Pre-offsetof() question

 
 
Arthur J. O'Dwyer
Guest
Posts: n/a
 
      10-06-2003

As far as I know, C89/C90 did not contain the
now-standard offsetof() macro.

Did C89 mandate that structs had to have a consistent
layout? For example, consider the typical layout of
the following structure:

struct weird
{
int x; /* sizeof(int)==4 here */
double y; /* sizeof(double)==8 here */
int z;
};

Now, let's suppose that the target architecture has typical
80x86 alignment requirements, where 'int' aligns on 4-byte
boundaries and 'double' on 8-byte boundaries.
A C99 compiler might produce a layout that looked like
this:

|_x__|####|___y____|_z__|####|

sizeof (struct weird) == 24 bytes


But could a C89, pre-offsetof() compiler decide to make
the layout of the struct vary, like this:

|_x__|####|___y____|_z__| on 8-byte alignment

|_x__|___y____|####|_z__| on 4-byte alignment

sizeof (struct weird) == 20 bytes


Note that the relative ordering of the members is
preserved; each 'struct weird' has the same size in
bytes; and all objects are properly aligned for their
type. But the "weird" ordering has saved us 4 bytes
per structure!

Does C89 allow this, or is it disallowed by something
in that standard? If so, what?

TIA,
-Arthur

 
Reply With Quote
 
 
 
 
Eric Sosman
Guest
Posts: n/a
 
      10-06-2003
"Arthur J. O'Dwyer" wrote:
>
> As far as I know, C89/C90 did not contain the
> now-standard offsetof() macro.


Full stop: C89 invented the <stddef.h> header, and specified
that it must provide offsetof().

> Did C89 mandate that structs had to have a consistent
> layout?
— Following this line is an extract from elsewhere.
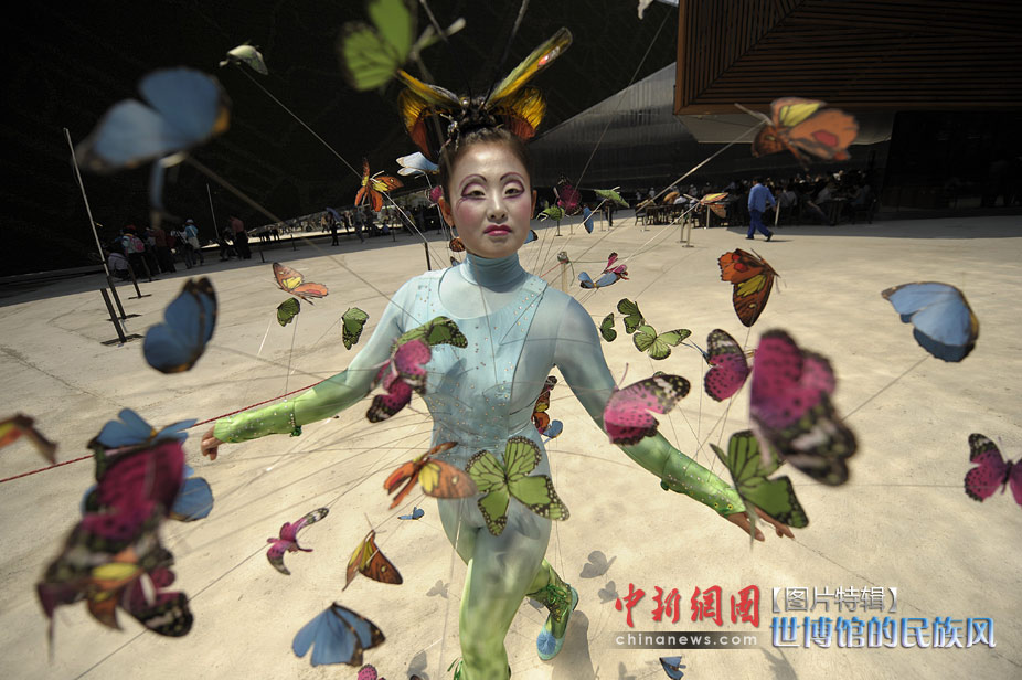 5月1日,上海世博會正式開園。圖為在加拿大展館內表演的世界著名的太陽馬戲團演員。

For example, consider the typical layout of
> the following structure:
>
> struct weird
> {
> int x; /* sizeof(int)==4 here */
> double y; /* sizeof(double)==8 here */
> int z;
> };
>
> Now, let's suppose that the target architecture has typical
> 80x86 alignment requirements, where 'int' aligns on 4-byte
> boundaries and 'double' on 8-byte boundaries.
> A C99 compiler might produce a layout that looked like
> this:
>
> |_x__|####|___y____|_z__|####|
>
> sizeof (struct weird) == 24 bytes
>
> But could a C89, pre-offsetof() compiler decide to make
> the layout of the struct vary, like this:
>
> |_x__|####|___y____|_z__| on 8-byte alignment
>
> |_x__|___y____|####|_z__| on 4-byte alignment
>
> sizeof (struct weird) == 20 bytes
>
> Note that the relative ordering of the members is
> preserved; each 'struct weird' has the same size in
> bytes; and all objects are properly aligned for their
> type. But the "weird" ordering has saved us 4 bytes
> per structure!
>
> Does C89 allow this, or is it disallowed by something
> in that standard? If so, what?


No version of the Standard describes what alignments
are to be enforced. However, the rules for compatibility
of types guarantee that the same struct type will have the
same arrangement of padding bytes in all translation units.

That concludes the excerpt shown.